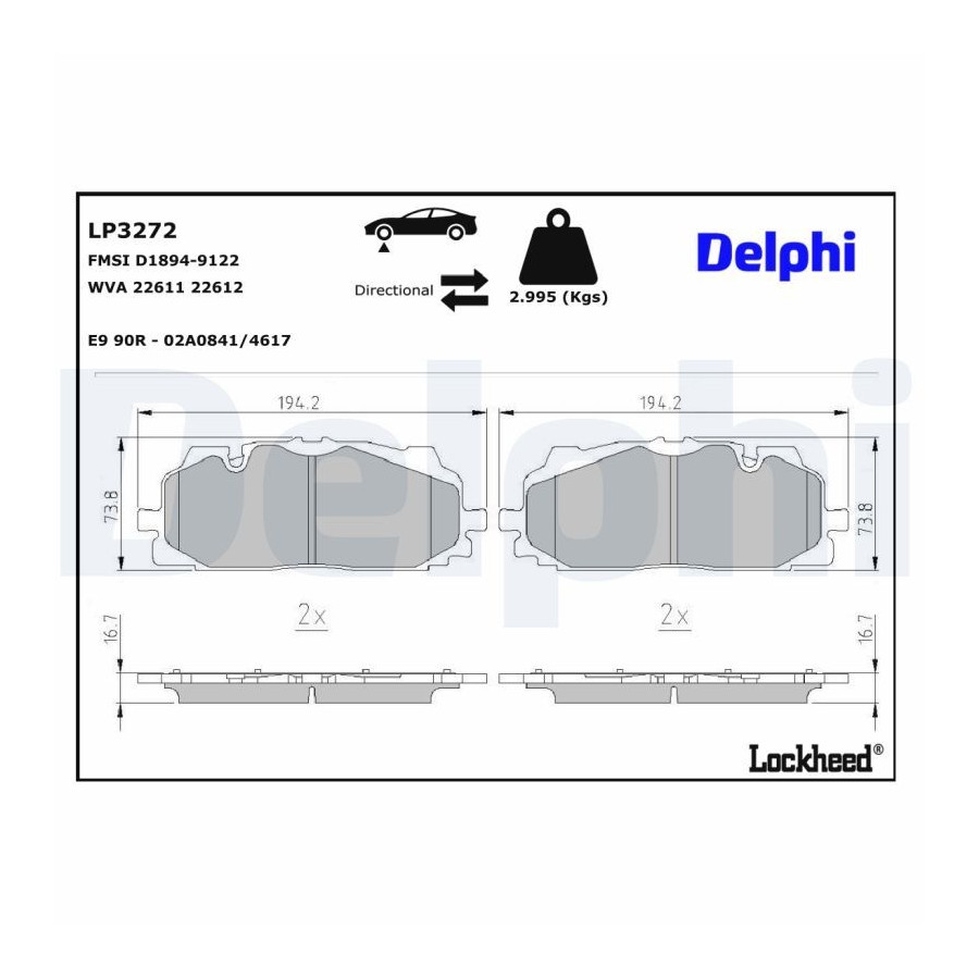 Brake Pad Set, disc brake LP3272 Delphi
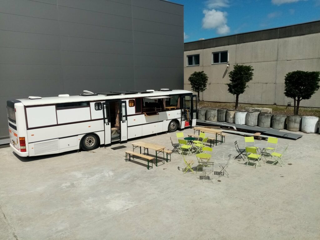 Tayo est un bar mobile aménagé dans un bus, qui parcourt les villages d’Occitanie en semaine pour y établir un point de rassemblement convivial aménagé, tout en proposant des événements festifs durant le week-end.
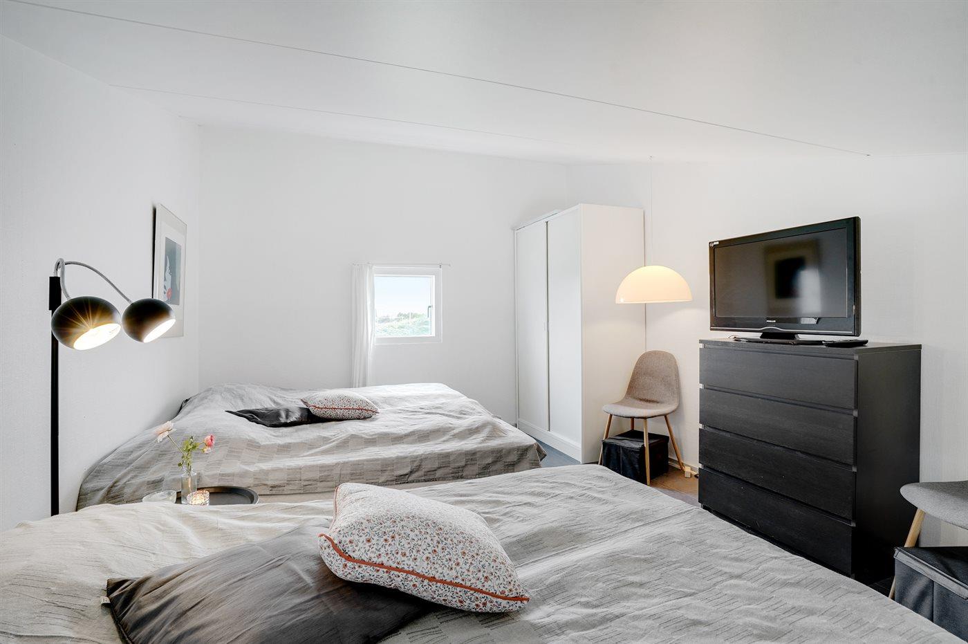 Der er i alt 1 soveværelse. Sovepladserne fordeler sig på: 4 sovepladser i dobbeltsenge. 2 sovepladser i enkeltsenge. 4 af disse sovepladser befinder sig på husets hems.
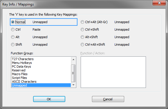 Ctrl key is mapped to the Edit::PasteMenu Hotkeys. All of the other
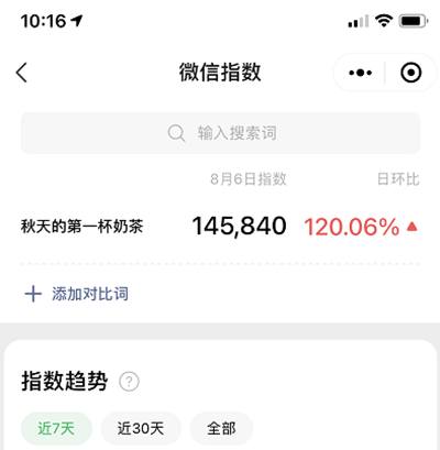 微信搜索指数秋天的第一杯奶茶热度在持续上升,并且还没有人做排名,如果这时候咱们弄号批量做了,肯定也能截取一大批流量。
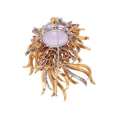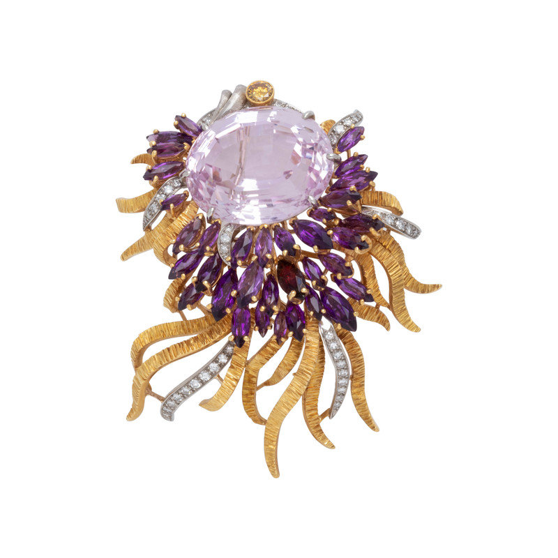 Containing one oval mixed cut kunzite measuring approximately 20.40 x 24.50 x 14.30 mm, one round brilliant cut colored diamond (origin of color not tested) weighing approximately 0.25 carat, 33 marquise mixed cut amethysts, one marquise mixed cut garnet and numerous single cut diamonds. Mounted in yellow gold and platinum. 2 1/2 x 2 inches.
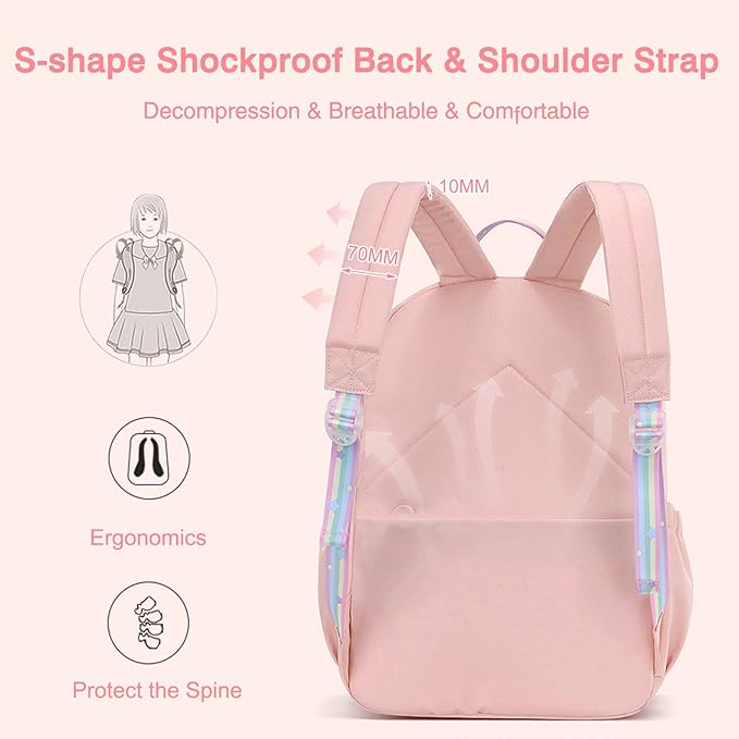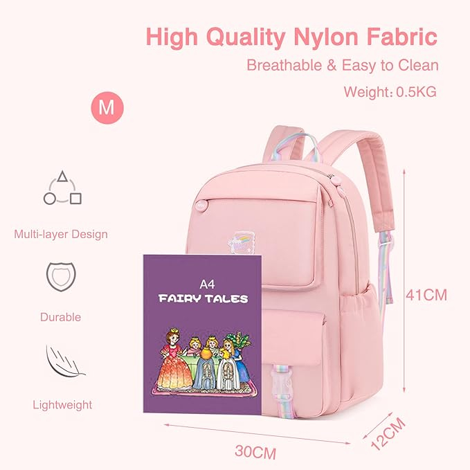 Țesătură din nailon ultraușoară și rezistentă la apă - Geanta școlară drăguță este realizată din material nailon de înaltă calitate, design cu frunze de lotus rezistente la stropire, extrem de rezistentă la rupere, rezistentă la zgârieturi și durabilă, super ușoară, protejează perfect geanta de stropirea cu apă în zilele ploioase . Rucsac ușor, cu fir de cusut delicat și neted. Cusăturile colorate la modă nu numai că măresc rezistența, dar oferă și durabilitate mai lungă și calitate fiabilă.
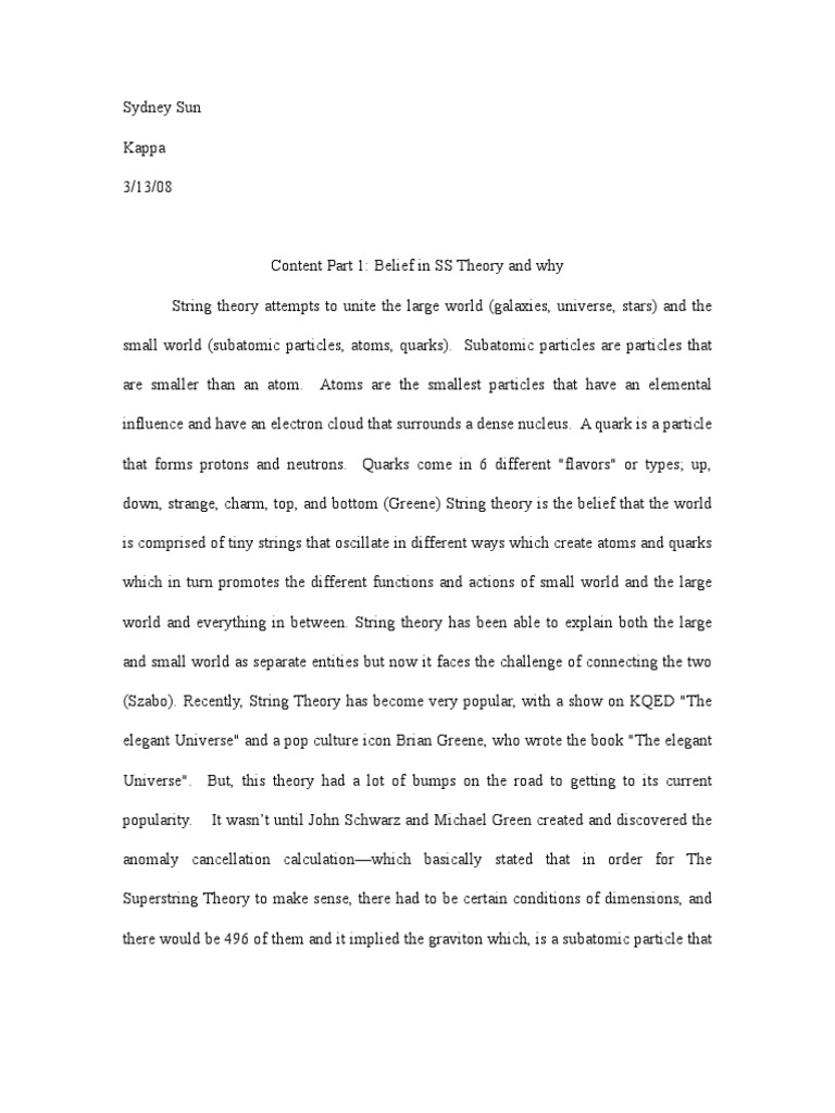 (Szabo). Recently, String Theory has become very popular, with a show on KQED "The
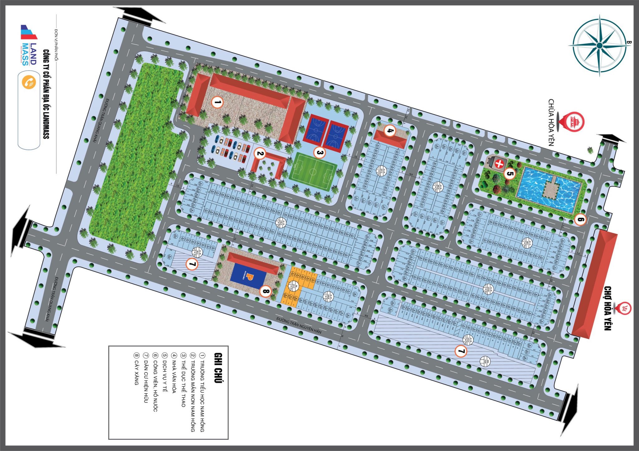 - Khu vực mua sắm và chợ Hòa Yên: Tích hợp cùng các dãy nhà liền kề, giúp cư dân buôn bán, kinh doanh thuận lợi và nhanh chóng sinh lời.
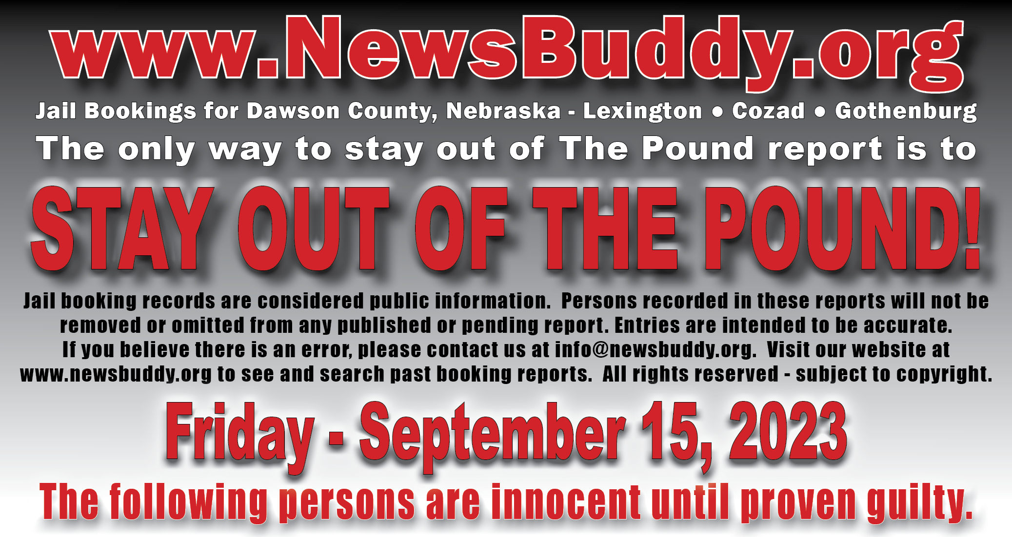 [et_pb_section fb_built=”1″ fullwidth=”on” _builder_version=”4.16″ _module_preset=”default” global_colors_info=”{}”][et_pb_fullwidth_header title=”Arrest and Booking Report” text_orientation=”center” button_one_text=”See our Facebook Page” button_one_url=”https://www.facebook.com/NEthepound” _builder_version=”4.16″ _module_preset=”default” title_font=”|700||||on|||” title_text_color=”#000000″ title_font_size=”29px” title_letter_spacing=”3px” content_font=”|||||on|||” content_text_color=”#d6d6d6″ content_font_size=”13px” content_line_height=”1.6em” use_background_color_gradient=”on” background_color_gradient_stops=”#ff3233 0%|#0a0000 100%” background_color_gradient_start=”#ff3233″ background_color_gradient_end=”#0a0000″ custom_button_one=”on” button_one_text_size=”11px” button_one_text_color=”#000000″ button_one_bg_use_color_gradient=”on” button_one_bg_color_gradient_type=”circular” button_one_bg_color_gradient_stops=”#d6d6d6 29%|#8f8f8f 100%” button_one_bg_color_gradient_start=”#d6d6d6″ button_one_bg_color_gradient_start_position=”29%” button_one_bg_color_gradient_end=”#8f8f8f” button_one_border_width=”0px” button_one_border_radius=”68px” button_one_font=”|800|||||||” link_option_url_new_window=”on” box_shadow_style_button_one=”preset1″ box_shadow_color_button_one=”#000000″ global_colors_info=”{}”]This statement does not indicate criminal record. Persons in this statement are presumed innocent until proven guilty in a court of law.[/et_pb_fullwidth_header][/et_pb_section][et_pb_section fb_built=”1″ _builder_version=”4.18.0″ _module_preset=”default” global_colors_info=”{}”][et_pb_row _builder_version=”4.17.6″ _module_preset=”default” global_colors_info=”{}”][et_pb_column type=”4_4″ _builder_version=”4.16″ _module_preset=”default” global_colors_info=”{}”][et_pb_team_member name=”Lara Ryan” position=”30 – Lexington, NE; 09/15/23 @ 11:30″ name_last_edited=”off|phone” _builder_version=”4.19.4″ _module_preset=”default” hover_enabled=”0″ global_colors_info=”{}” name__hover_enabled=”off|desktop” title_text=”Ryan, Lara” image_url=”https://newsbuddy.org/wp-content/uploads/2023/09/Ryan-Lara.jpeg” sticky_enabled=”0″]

===

== WHAT IS REQUIRED ==
Transcribe, word for word, the stretch of lines in the data above from the one with "Der er i alt" through the one with "Țesătură din nailon"; omit all pictures.

== SOLUTION ==
 Der er i alt 1 soveværelse. Sovepladserne fordeler sig på: 4 sovepladser i dobbeltsenge. 2 sovepladser i enkeltsenge. 4 af disse sovepladser befinder sig på husets hems.
 Ctrl key is mapped to the Edit::PasteMenu Hotkeys. All of the other
 微信搜索指数秋天的第一杯奶茶热度在持续上升,并且还没有人做排名,如果这时候咱们弄号批量做了,肯定也能截取一大批流量。
 Containing one oval mixed cut kunzite measuring approximately 20.40 x 24.50 x 14.30 mm, one round brilliant cut colored diamond (origin of color not tested) weighing approximately 0.25 carat, 33 marquise mixed cut amethysts, one marquise mixed cut garnet and numerous single cut diamonds. Mounted in yellow gold and platinum. 2 1/2 x 2 inches.
 Țesătură din nailon ultraușoară și rezistentă la apă - Geanta școlară drăguță este realizată din material nailon de înaltă calitate, design cu frunze de lotus rezistente la stropire, extrem de rezistentă la rupere, rezistentă la zgârieturi și durabilă, super ușoară, protejează perfect geanta de stropirea cu apă în zilele ploioase . Rucsac ușor, cu fir de cusut delicat și neted. Cusăturile colorate la modă nu numai că măresc rezistența, dar oferă și durabilitate mai lungă și calitate fiabilă.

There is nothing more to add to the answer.